Пламени почти не видно. Только в одном месте, ниже по течению, короткие прыгающие языки. И против нас измятые, точно бумажные цилиндры нефтебаков, опавшие, раздавленные газом. И из них пламя — могучие протуберанцы отрываются и теряются в тяжелых, медленно клубящихся фантастических облаках свинцово-красного дыма.
В детстве я любил рассматривать старый английский журнал периода войны четырнадцатого года. У него не было ни начала, ни конца, зато были изумительные картинки — большие, на целую страницу: английские томми в окопах, атаки, морские сражения с пенящимися волнами и таранящими друг друга миноносцами, смешные, похожие на этажерки, парящие в воздухе «блерио», «фарманы» и «таубе». Трудно было оторваться.
Но страшнее всего было громадное, на двух средних страницах, до дрожи мрачное изображение горящего от немецких бомбардировок Лувена. Тут было и пламя, и клубы дыма, похожие на вату, и бегущие люди, и разрушенные дома, и прожекторы в зловещем небе. Одним словом, это было до того страшно и пленительно, что перевернуть страницу не было никаких сил. Я бесконечное количество раз перерисовывал эту картинку, раскрашивал цветными карандашами, красками, маленькими мелками и развешивал потом эти картинки по стенам.
Мне казалось, что ничего более страшного и величественного быть не может.
Сейчас мне вспоминается эта картинка. Она не плохо была исполнена. Я до сих пор помню в ней каждую деталь, каждый завиток клубящегося дыма, и мне вдруг становится совершенно ясно, как бессильно, беспомощно искусство. Никакими клубами дыма, никакими лижущими небо языками пламени и зловещими отсветами не передашь того ощущения, которое испытываю я сейчас, сидя на берегу перед горящим Сталинградом.
На том берегу идет бой. Трассирующие очереди пулеметов и автоматов стелются по самому берегу. Неужели немец уже до воды добрался? Несколько длинных очередей перелетает через Волгу и теряется на этой стороне.

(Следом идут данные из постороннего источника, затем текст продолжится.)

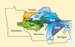Tribes of the 1854 Chippewa Treaty in Michigan and Wisconsin have won two important lawsuits in recent years due to the fact that their tribal lands should have been reserved under the 1854 Treaty of La Pointe instead of becoming “checkerboarded” from illegal taxation/foreclosures.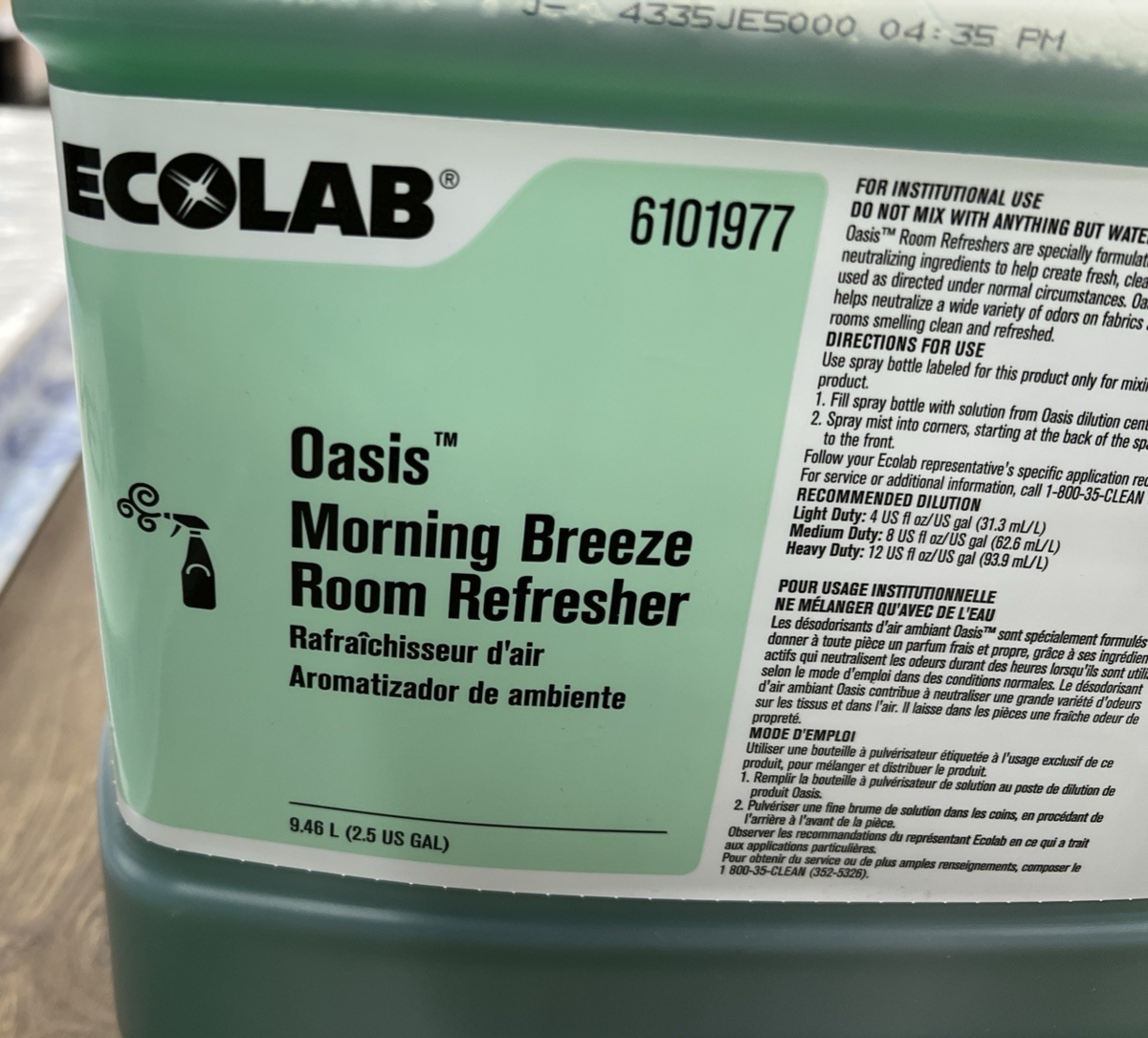 Ecolab 6101977 Oasis Morning Breeze Room Refresher 2.5 Gallons NEW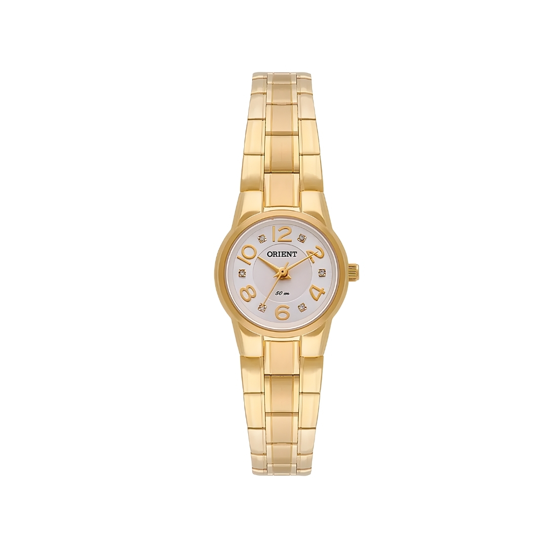Orient Eternal FGSS0067S2KX: relógio feminino dourado com caixa de 25 mm, pulseira em aço inoxidável e visual clássico. Elegante, preciso e resistente à água (5 ATM).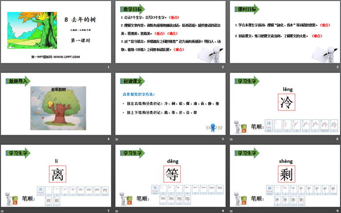 关键词:部编人教版三年级上册语文PPT课件免费下载,去年的树PPT下载,.PPT格式;
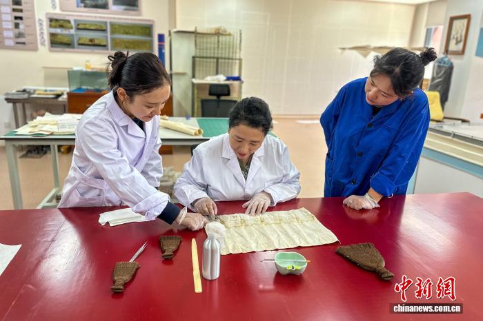 2025年7月9日,達(dá)珍(左一)在西藏大學(xué)古籍修復(fù)室為2024級(jí)中國(guó)古典文獻(xiàn)學(xué)(藏)學(xué)碩士研究生指導(dǎo)古籍修復(fù)。(受訪者供圖)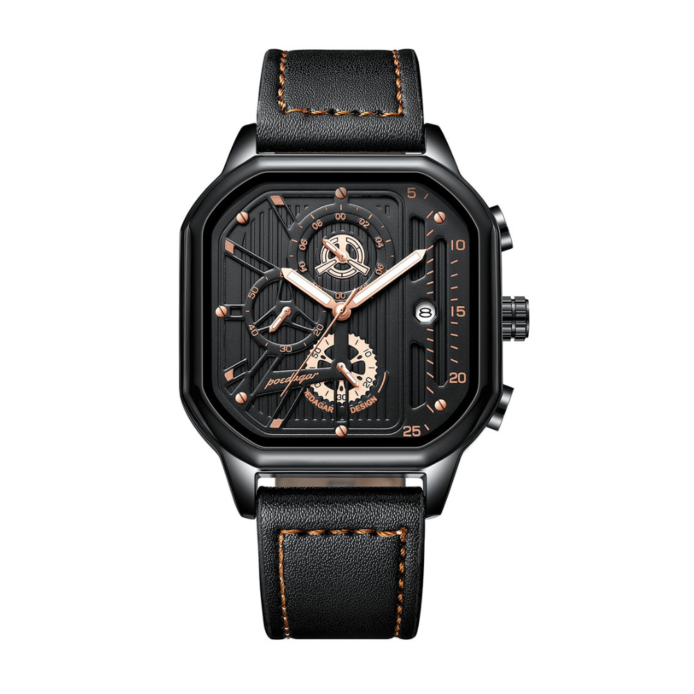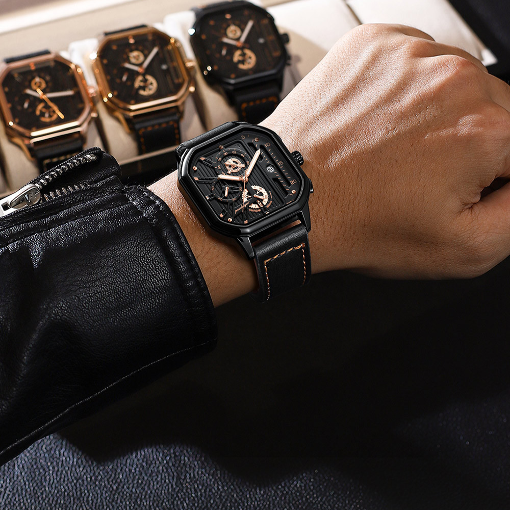 Relógio da marca Suiça Poedagar, com design translúcido mostrando todo o maquinário, detalhes em dourado e pulseira em couro. Função cronômetro e vidro cristal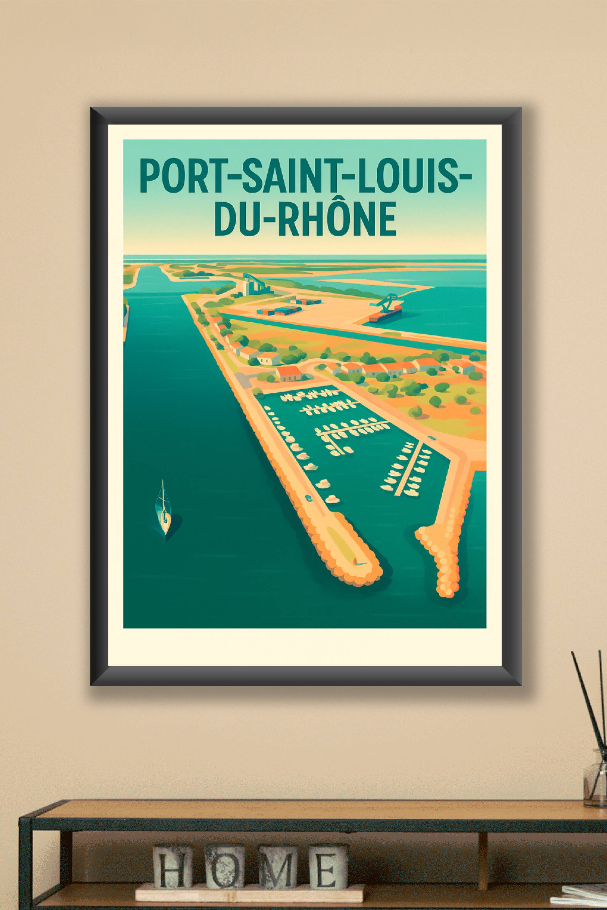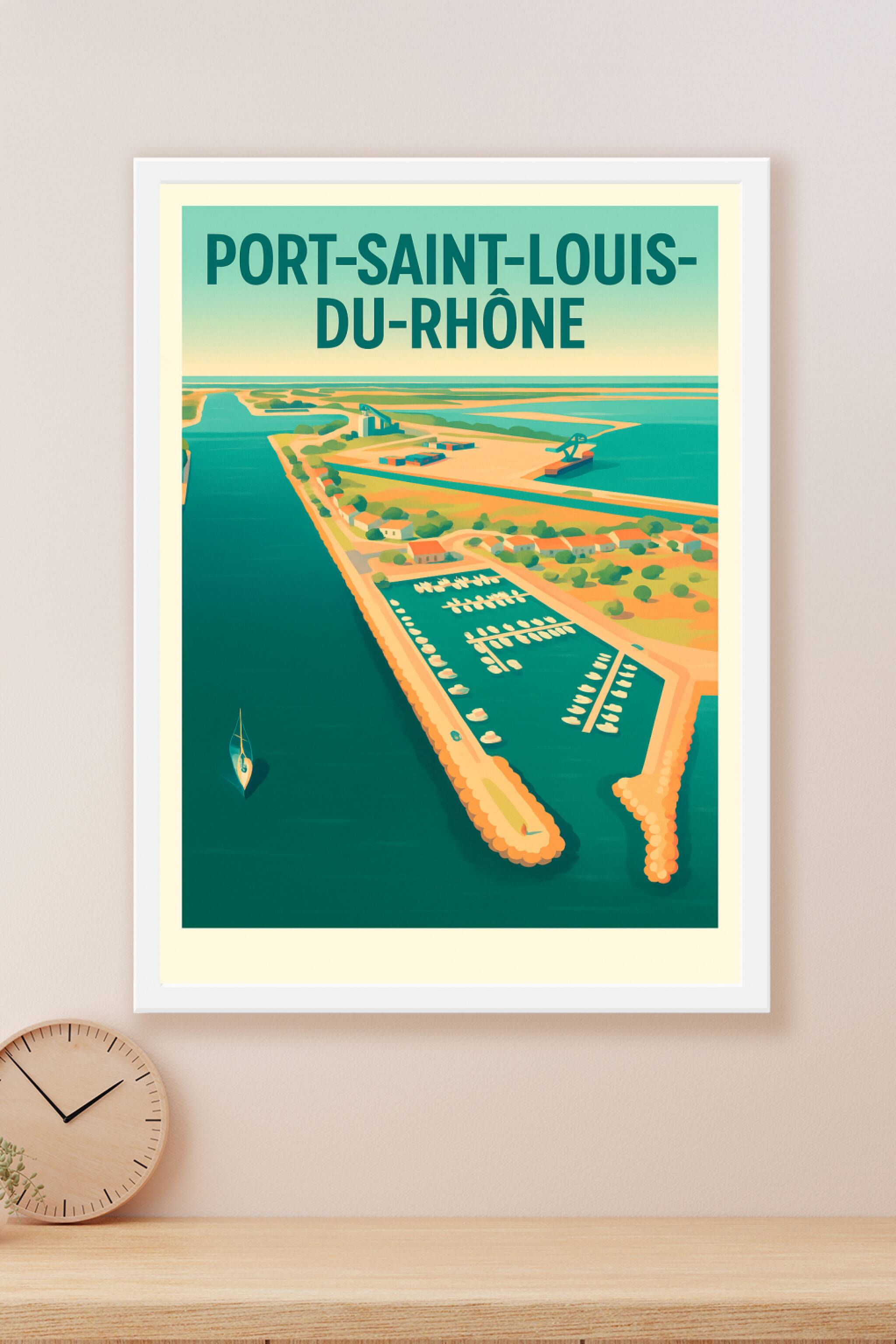 Découvrez l'élégance sereine de Port-Saint-Louis-du-Rhône avec cette affiche illustrée, mettant en lumière son port et ses paysages aquatiques typi...

Откуда-то из-за спины стреляет «катюша». Мы видели машины — восемь штук, — когда шли сюда. Раскаленные снаряды, не торопясь, плывут, обгоняя друг друга в дрожащем от зарева небе и ударяют куда-то на противоположном берегу. Разрывов не видно. Видны только вспышки. Потом доносится и треск.
Кто-то рядом со мной плюет и удовлетворенно покряхтывает. Только сейчас замечаю, что рядом с нами, растянувшись, лежат бойцы.
— Ты мерина успел подковать? — спрашивает кто-то.
— Успел. А ты?
— Лютика успел, а вороному только две передние. У него какая-то рана. Никак не дается.
Приходит комбат. Тяжело дышит.
— Ей-богу, с ума сойдешь от этих переправ. Лет на пять постареешь. — Он громко сморкается. — Был генерал. Ясно сказал: сейчас мы, а потом Двадцать девятая. Только на минуту отошел от причала, а они свои ящики уже навалили. Артиллерию, видишь ли, переправили, а боеприпасы на этой стороне оставили. А кто им мешал? Я вот с каждой пушкой снаряды везу. Господи, опять этот черт.
Комбат снова скрывается. Слышно, как кого-то ругает. Возвращается.
— Ну ладно, все это чепуха. На ту сторону как-нибудь переберемся. Важно, как там…
Выясняется, что полк получил приказ к двум ноль-ноль закончить переправу; а к четырем ноль-ноль сменить почти не существующую уже на том берегу дивизию в районе «Метиз» — Мамаев курган. Сейчас уже час, а ни один батальон еще не переправился. На той стороне только саперы, разведчики и опергруппа штаба. Командир полка и начальник штаба, кажется, тоже там. Главное, надо всю артиллерию — сорока пяти и семидесяти шести, приданную батальону, — к рассвету перетащить на передовую, на прямую наводку.
— Хорошо, — говорю я, — дашь мне две роты и петеэровцев, а сам, с одной ротой, занимайся артиллерией. У тебя по скольку человек в роте?
— Человек по сто.
— Роскошно. Договорились, значит. Мне только точно место назначения дай.
— Да вот этот треугольник проклятый на карте. Откровенно говоря, я думаю, что там никого уже нет. В той дивизии человек сто, не больше. Две недели на том берегу уже дерутся.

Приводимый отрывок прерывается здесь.